*TASK INSTRUCTIONS*:
Could you copy word for word only the lines between the one containing "4. Эрлих В." and the end of the listing below, both included, and leave out the pictures?

□ □ □ □ □ □ □

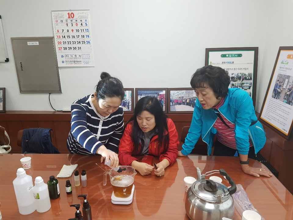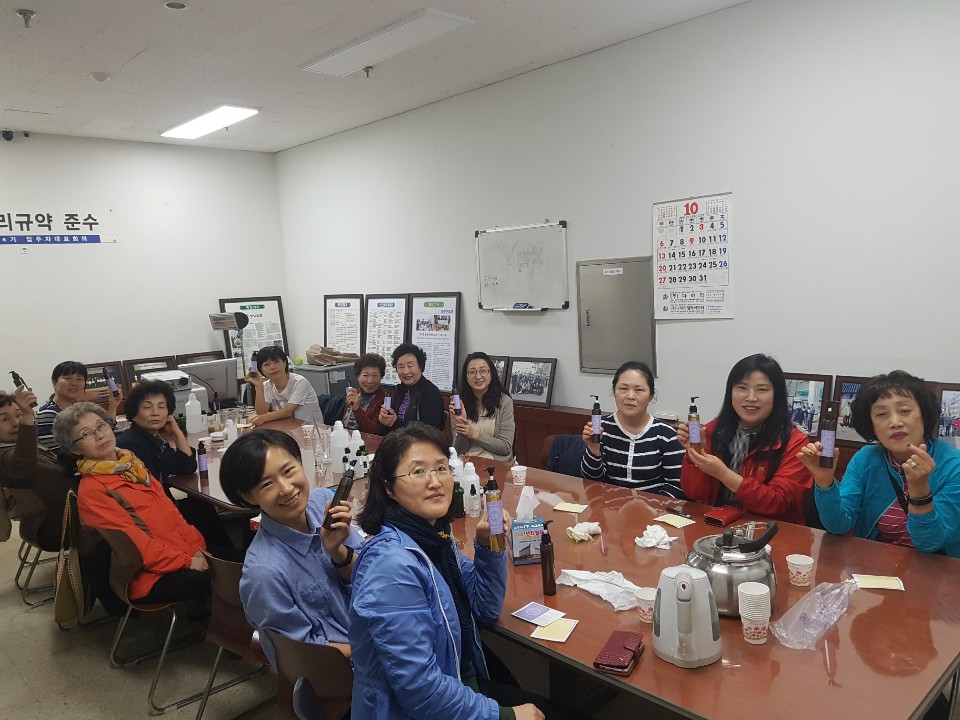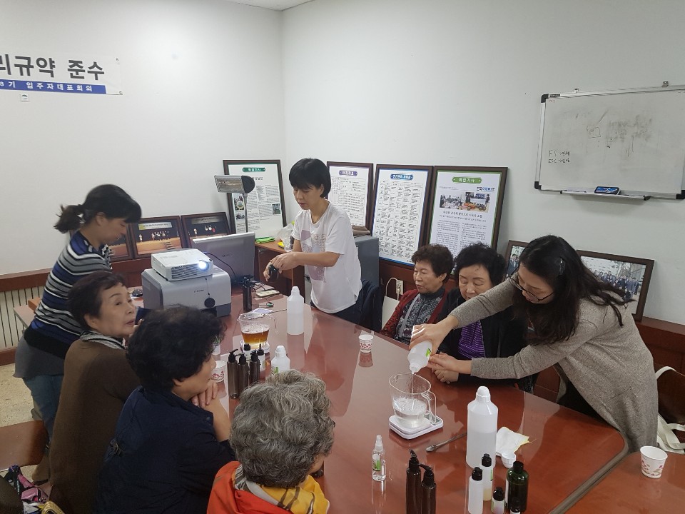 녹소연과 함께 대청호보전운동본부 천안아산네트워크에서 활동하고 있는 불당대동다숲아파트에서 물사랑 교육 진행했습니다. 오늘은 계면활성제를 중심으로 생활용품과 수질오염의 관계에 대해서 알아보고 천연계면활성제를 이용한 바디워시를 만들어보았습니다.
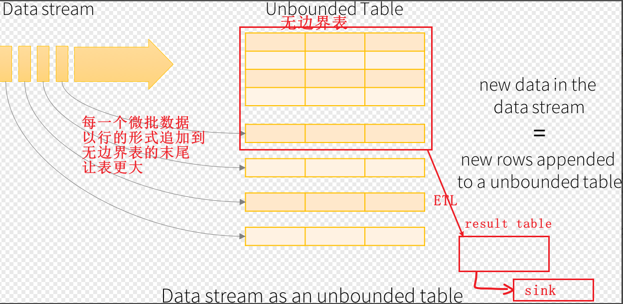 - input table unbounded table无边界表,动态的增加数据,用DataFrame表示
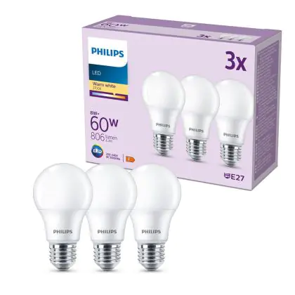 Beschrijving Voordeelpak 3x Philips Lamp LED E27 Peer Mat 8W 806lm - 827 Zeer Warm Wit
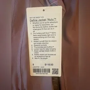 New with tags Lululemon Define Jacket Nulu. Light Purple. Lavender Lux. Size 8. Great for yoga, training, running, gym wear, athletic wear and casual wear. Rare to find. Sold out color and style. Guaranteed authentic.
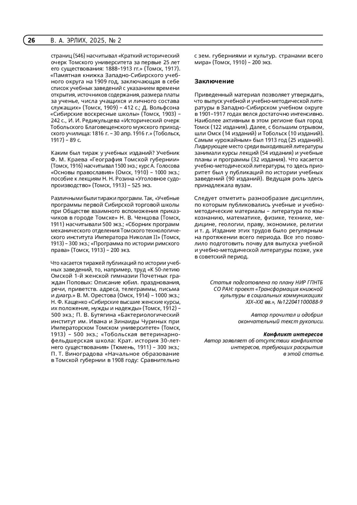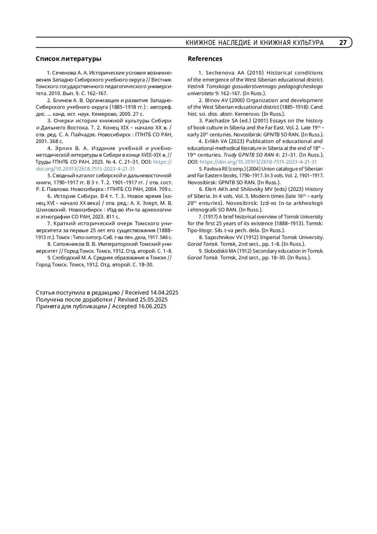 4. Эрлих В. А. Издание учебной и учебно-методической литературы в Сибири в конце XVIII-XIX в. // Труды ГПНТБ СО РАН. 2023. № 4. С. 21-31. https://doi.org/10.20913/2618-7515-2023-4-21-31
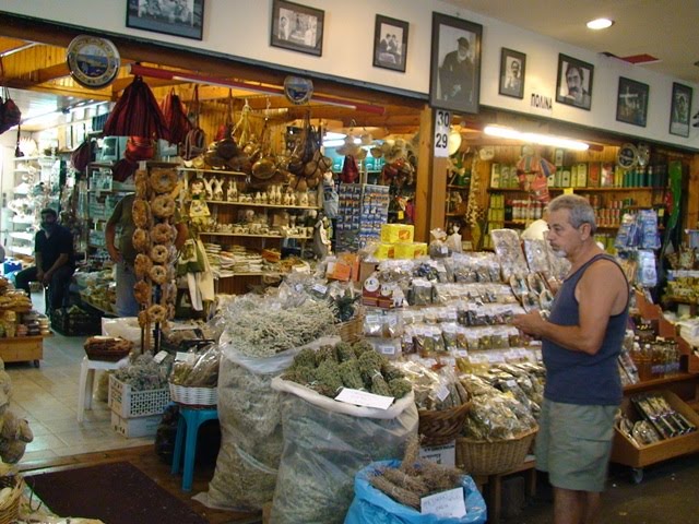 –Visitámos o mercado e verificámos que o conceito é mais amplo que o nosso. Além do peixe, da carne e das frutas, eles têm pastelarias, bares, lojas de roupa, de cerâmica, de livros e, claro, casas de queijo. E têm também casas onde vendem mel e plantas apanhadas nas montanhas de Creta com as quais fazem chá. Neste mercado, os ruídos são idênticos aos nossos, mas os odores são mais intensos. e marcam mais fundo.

□ □ □ □ □ □ □

*REPLY TO THE EXERCISE*:
 4. Эрлих В. А. Издание учебной и учебно-методической литературы в Сибири в конце XVIII-XIX в. // Труды ГПНТБ СО РАН. 2023. № 4. С. 21-31. https://doi.org/10.20913/2618-7515-2023-4-21-31
 –Visitámos o mercado e verificámos que o conceito é mais amplo que o nosso. Além do peixe, da carne e das frutas, eles têm pastelarias, bares, lojas de roupa, de cerâmica, de livros e, claro, casas de queijo. E têm também casas onde vendem mel e plantas apanhadas nas montanhas de Creta com as quais fazem chá. Neste mercado, os ruídos são idênticos aos nossos, mas os odores são mais intensos. e marcam mais fundo.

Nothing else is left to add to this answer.